British and American actress

Sonya Walger (born June 6, 1974) is a British and American actress. She had a starring role in the HBO sitcom The Mind of the Married Man (2001–2002) before landing her role as Penny Widmore in the ABC drama series Lost (2006–2010). Walger later starred on Tell Me You Love Me (2007), FlashForward (2009–2010), Common Law (2012), The Catch (2016–2017), and For all Mankind (2019–2022).

==Early life==
Walger was born in London, England, and educated at the independent Wycombe Abbey School and at Christ Church, Oxford, where she studied English Literature, receiving a first class degree. Walger is conversational in French and fluent in Spanish, as her father was Argentinian.

==Career==

Walger began her career on British television. In 1998, she appeared in an episode of ITV crime series, Midsomer Murders - Death of a Hollow Man. She had a recurring role in the BBC 1 sitcom Goodnight Sweetheart in 1999, and appeared in two episodes of the crime/drama The Vice. Also in 1999, she played the daughter of newspaper magnate Max Van der Vuurst, Hilde, in the Heat of the Sun story "The Sport of Kings". The following year, Walger made her film debut in the biographical drama Eisenstein. In 2001, she moved to the United States and was cast as Donna Barnes on the HBO comedy series, The Mind of the Married Man. The series was cancelled after two seasons. In 2003, she starred on the short-lived U.S. version of Coupling, which aired on NBC. In 2004, Walger played Nicole Noone opposite Noah Wyle in the TNT television film, The Librarian: Quest for the Spear, for which she received Saturn Award for Best Supporting Actress on Television nomination.
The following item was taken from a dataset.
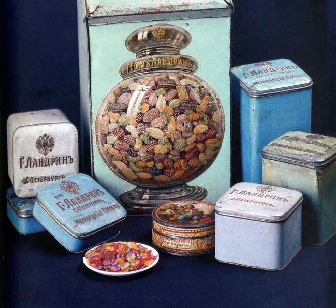 Жил-был в 19 веке один человек по имени Георг Ландрин. Фотографий его не сохранилось, о потомках тоже никто не знает. Вроде как звали его на самом деле Федором и был он родом из новгородской деревни, что стояла на реке Ландре (которая, впрочем, тоже на картах не значится). Зато имя «Г. Ландринъ» осталось на дореволюционных жестяных коробочках, в которых продавали маленькие разноцветные леденцы. Мы их зовем монпасье, а наши прапрабабушки чаще называли ландринками. Настолько эти конфетки были популярны в народе, что их везли в подарок детям с ярмарок, угощали девушек на свидании, а в самих коробочках потом хранили всякие домашние мелочи. Даже поговорку придумали — «лить ландрин на душу». Сейчас все чаще льют бальзам… Говорят, сам царь любил эти конфеты. У Владимира Гиляровского есть красивая легенда о Федьке Ландрине. Был он рядовым кустарем-кондитером, но с фантазией. Его леденцы были разного цвета — одна половина белая, а другая желтая, или красная, или еще какая… Носил он их на прода
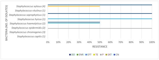 Antimicrobial resistance profile regarding coagulase negative staphylococci. CN: gentamicin; SXT: trimethoprim-sulfamethoxazole; P: penicillin; TE: tetracycline; EFT: ceftiofur; ENR: enrofloxacin; DO: doxycycline.

From 2006 to 2010, Walger had a recurring role as Penny Widmore in the ABC drama series, Lost. She also had recurring roles on Sleeper Cell, CSI: NY, and Terminator: The Sarah Connor Chronicles. In 2007, Walger appeared in the original Broadway production of Frost/Nixon, as Charlotte Cushing, David Frost's then-girlfriend. Then she starred in the HBO series Tell Me You Love Me. From 2009 to 2010, Walger starred as Olivia Benford, a surgeon and wife of FBI agent Mark Benford (Joseph Fiennes) in the ABC series, FlashForward. Later in 2010, she appeared as Julia in season 3 of the HBO drama series In Treatment. She played John Cusack's wife in the 2011 Direct-to-video crime thriller The Factory. In 2012, she was regular cast member in the USA Network short lived series Common Law. In 2013, Walger had a brief role in the comedy film Admission, as a Virginia Woolf scholar. From 2013 to 2014, Walger appeared on the NBC drama series Parenthood.

In 2014, Walger guest-starred in Shonda Rhimes's series Scandal as Katherine Winslow. The following year, Walger was cast in the new Rhimes series The Catch, co-starring opposite Mireille Enos and Peter Krause.

In 2018 she had a recurring role in her husband's show Get Shorty as Lila, an Argentine drug lord.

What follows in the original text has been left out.